Foi minha primeira viagem fora do caminho que fazia de casa para
a empresa, conta ele, que andava 12 km por dia nesse trajeto. A
primeira vez que peguei a estrada foi na viagem. Mas isso não
quer dizer que não houve planejamento. No caso dele, quase um ano
inteiro de preparação.
André
admite: Foi uma loucura. Mas também não tem
dúvidas de que valeu a pena. Todo dia determinava um ponto
onde queria chegar. Começava às 3h da manhã e parava
pelas 3h da tarde. Andava mais ou menos 120 km por dia, diz. Apesar
das dificuldades, tive muito prazer em padalar e conhecer os lugares de
uma forma diferente. Adorei conhecer Kobe (Hyogo), Hiroshima, o túnel
que liga Honshu a Kyushu e as ilhas ao redor de Okinawa, as praias são
recomendadíssimas!

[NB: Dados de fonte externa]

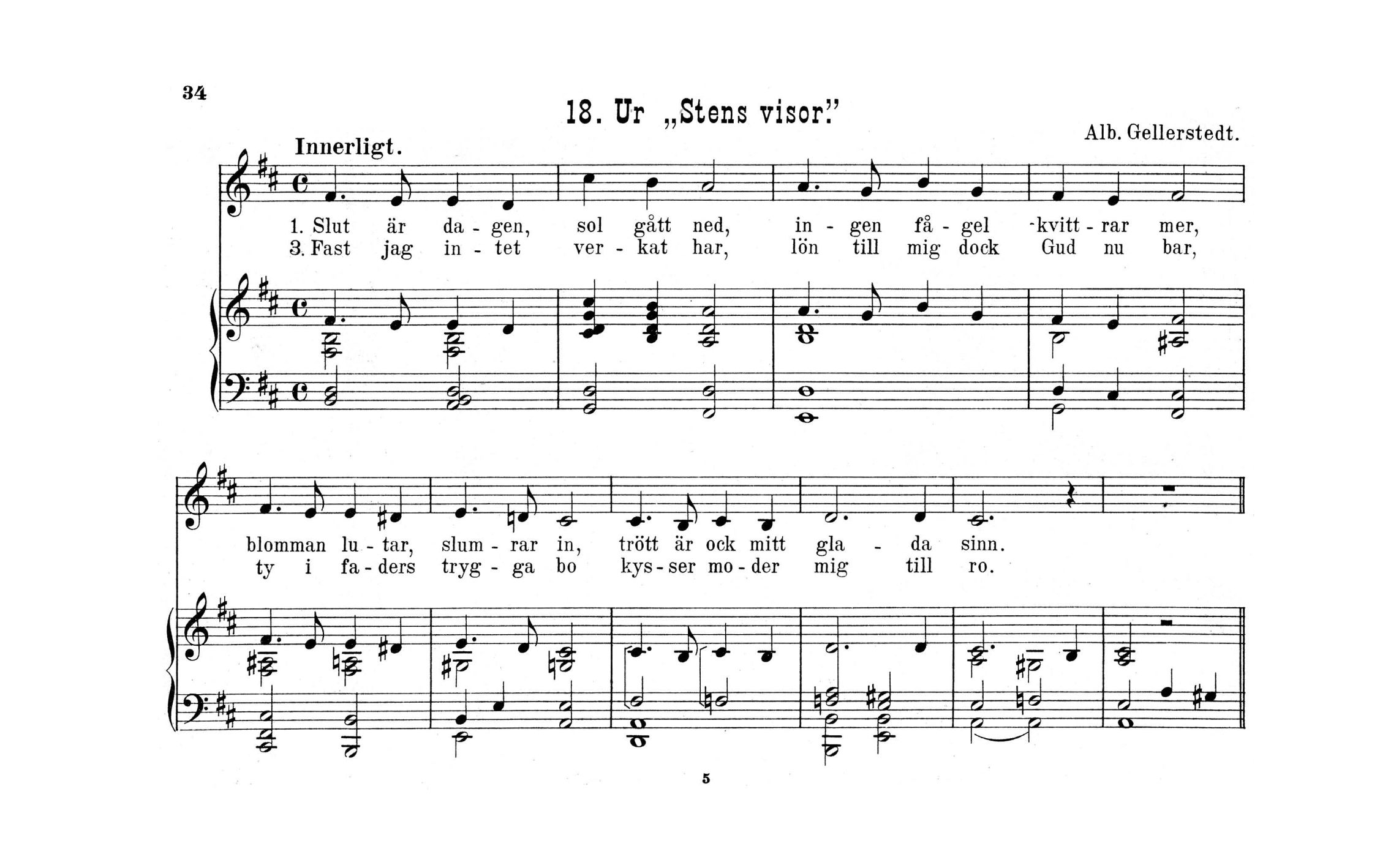 blomman lu - tar, slum - rar in, trött är ock mitt gla - da sinn.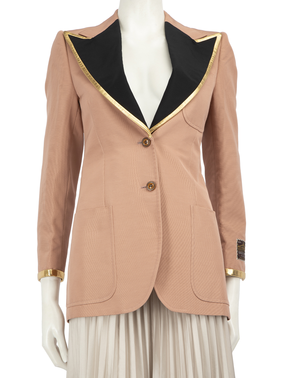 Gucci Pink Contrast Lapel Leather Trim Blazer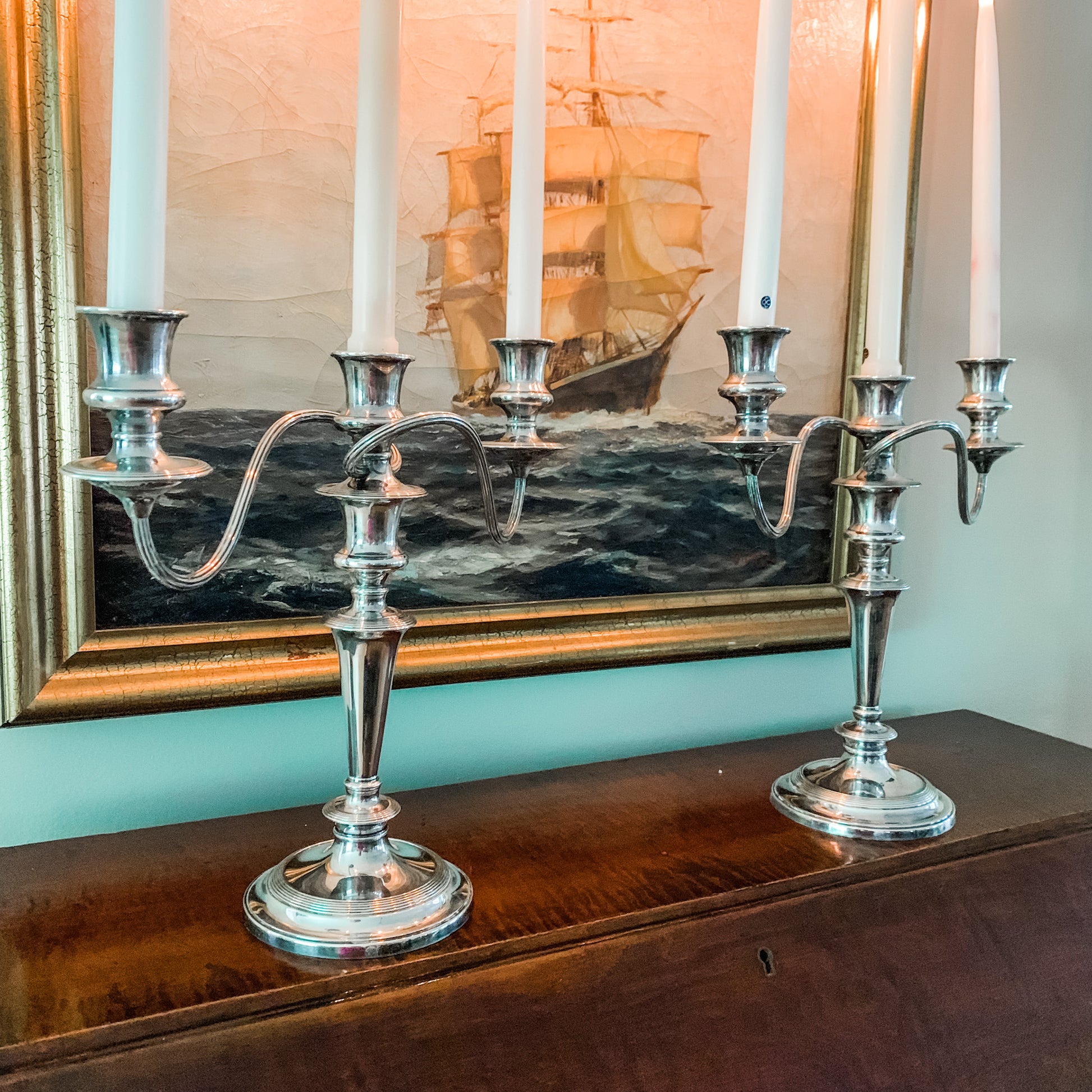 WOW! This is an outstanding find! These are antique silver plate candelabras from England. They were made by the famous Barker Ellis Silver Co in 1912 and feature the scallop shell hallmark. Barker Ellis began as the Barker Brothers and was originally founded in Birmingham, England in 1801. This gorgeous pair of three armed candlabras are very classic and elegant. Excellent antique condition and quality. 12.5" tall x 13.5" wide x 5" deep.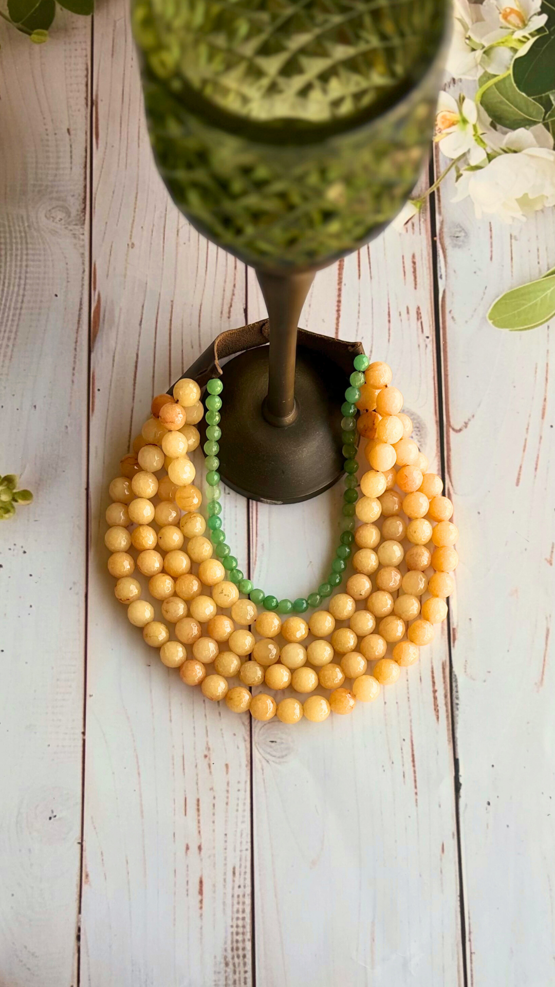 Tarangini Imperial is an elegant neck piece adorned with carefully selected semi-precious stones that catch the light with subtle sophistication. Each stone is chosen for its natural beauty, creating a harmonious blend of color and texture. Perfect for adding a touch of refined elegance to both everyday wear and special occasions, this piece brings a sense of calm grace to your jewelry collection. The timeless design ensures it pairs effortlessly with various outfits, making it a versatile addition to your accessories.
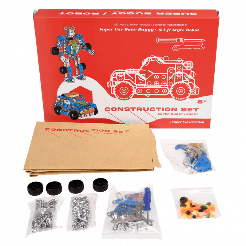 This construction kit contains everything you need to make either a super car dune buggy or a sci-fi style robot. What will you build?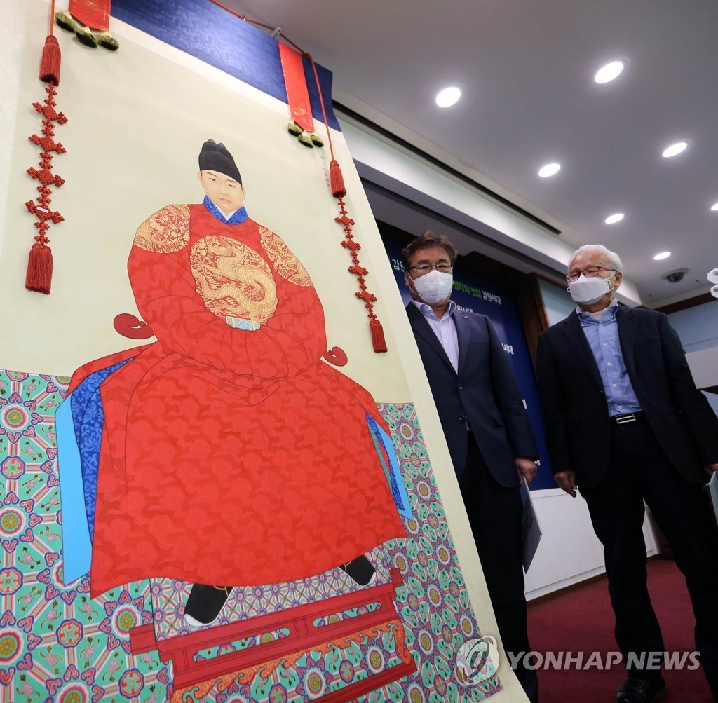 | ▲ '조선 비운의 왕' 단종 어진 공개 (춘천=연합뉴스) 국가표준영정 100호로 공식 지정된 조선 6대 왕 단종(端宗)의 어진(임금의 얼굴을 그린 그림)이 14일 공개됐다. 2021.4.14 [영월군 제공. 재판매 및 DB 금지] photo@yna.co.kr |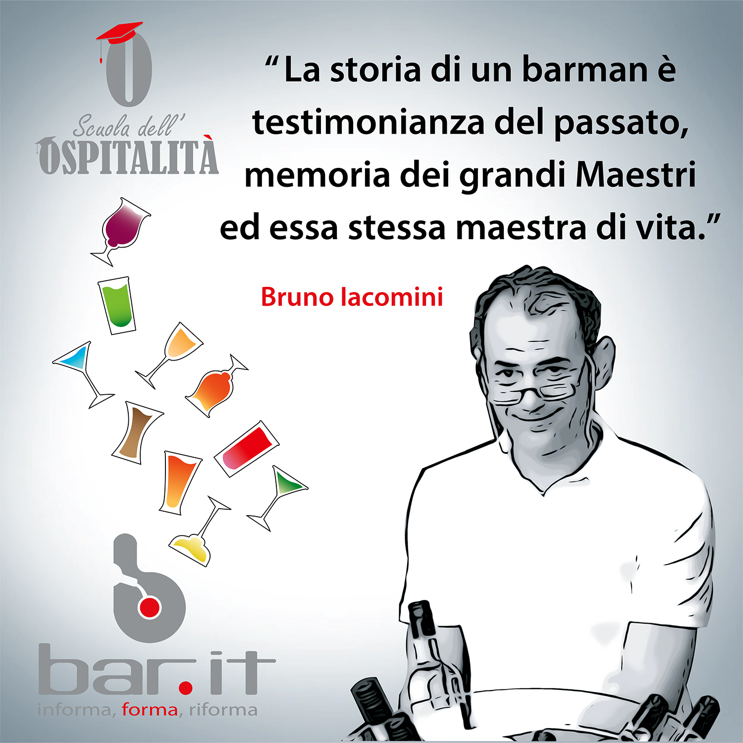 Per ogni articolo, appunto, troverete foto del barman aforisma e una sua ricetta “cavallo di battaglia”. Alla fine di questo percorso, raccoglieremo tutte queste esperienze in un volume: “Storie al Bar” e-book e cartaceo.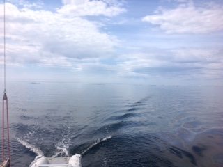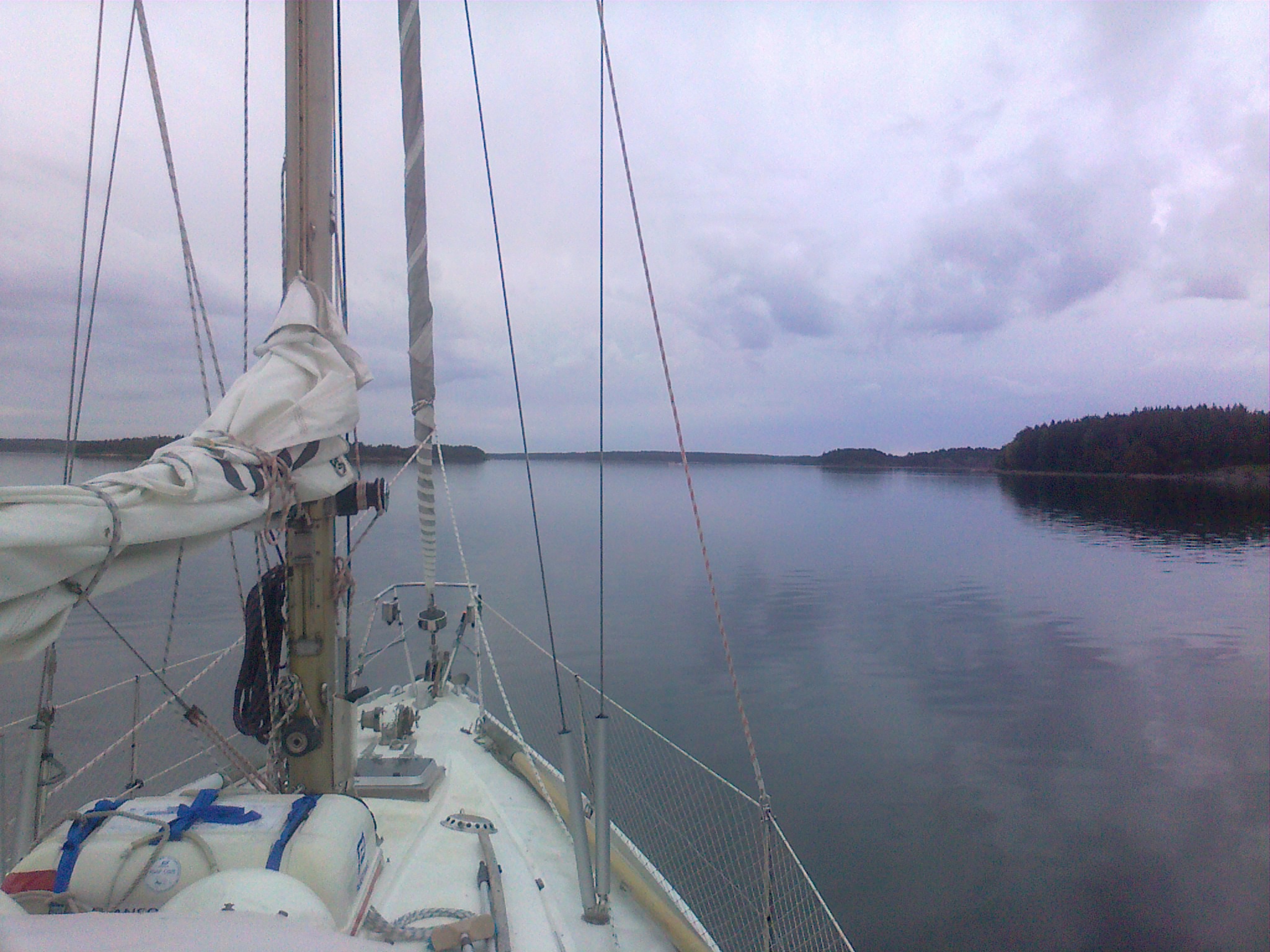 2015-06-17 12:59:54 Lähtö Utöstä suoritettu. Tuulta alle 1 m/s joten purjeilla ei kannata yrittää. Ajamme koneella kohti Kasnäsiä. 59n49.8 21e22.5

Nunca esquecerei, delicia-se com as lembranças,
muito bem registradas em mais de 400 fotos. Aliás, vê-las
foi a primeira coisa que ele fez ao chegar em casa.
Testando
os limites
André
precisou de atenção aos próprios limites durante
a viagem. Nos três primeiros dias, senti muita dor no joelho,
então forcei menos e, daí em diante, foi confortável,
conta. Levei tombos, me perdi no trajeto e as regiões montanhosas
foram muito desgastantes. Além disso, tinha o clima. Na ida até
Kagoshima, peguei muita chuva, por exemplo. Em Okinawa, sol quente.
Cuidados
e como começar
O preparador
físico Marcos Paulo Reis, técnico da seleção
brasileira de triatlo nas Olimpíadas de Sydney (2000) e Atenas
(2004), afirma que todos que iniciam uma prática esportiva devem
passar por um exame médico antes. Segundo ele, dois treinos de
40 minutos duas vezes por semana já trazem muitos benefícios.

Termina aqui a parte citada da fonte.